Currently I am dealing with the problems which involve the general first order differential operator, i.e., for some open domain $\Omega\subset\mathbb{R}^n$ with certain regular bondary and a function $u:\Omega\rightarrow \mathbb{R}^l$ with at least one times differentiability, we define its general derivative by the vector field \begin{equation} (\sum_{ij}a_{ijk}\partial_i u_j)_k\in\mathbb{R}^m, \end{equation}
where $a_{ijk}$ are constants. Now I have some examples which appear mostly in practice, they are gradient, divergence and curl operators. But most examples that I have seen are more or less related the the previous three types.

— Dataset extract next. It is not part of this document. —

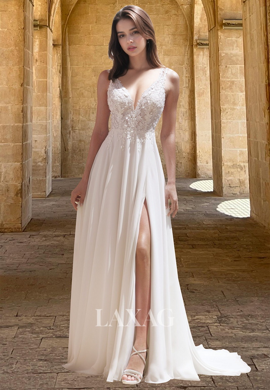 Sleeveless Straps A-Line Beach Wedding Dress Deep V-Neck Beaded Applique Cutout Boho Bride Gowns with Train
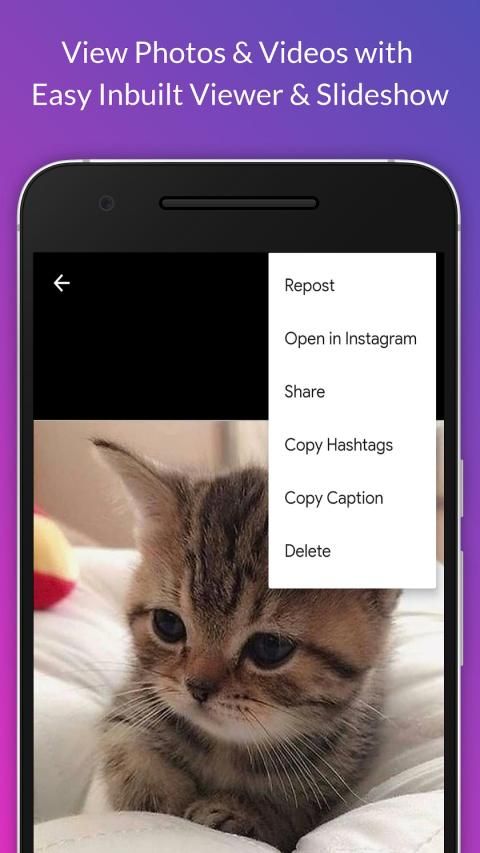 * Easily save videos and photos into device or repost to Instagram

I should give some general theory if the constants $a_{ijk}$ satisfy some certain conditions. But I am not familiar in mechanics or electronics, I don't know if the there are also other types of derivatives exist in practice which are diffeerent from the previous three types. For instance, I can define the derivatives for $n=2,m=l=1$ by \begin{equation} \operatorname{div}u\begin{pmatrix}1\\1\end{pmatrix} +\begin{pmatrix}\partial_1 u_2\\\partial_2 u_1\end{pmatrix} \end{equation} or, let $l=n,m=1$ and define the derivative by $\partial_1 u$. I can in fact give many examples, but if they make sense, I am not so sure. Also, a general theory is hard to give if the constants have too less restrictions. So I need to know if there are some other examples that also more or less appear in parctice or in references.
Thank you for any kind hints!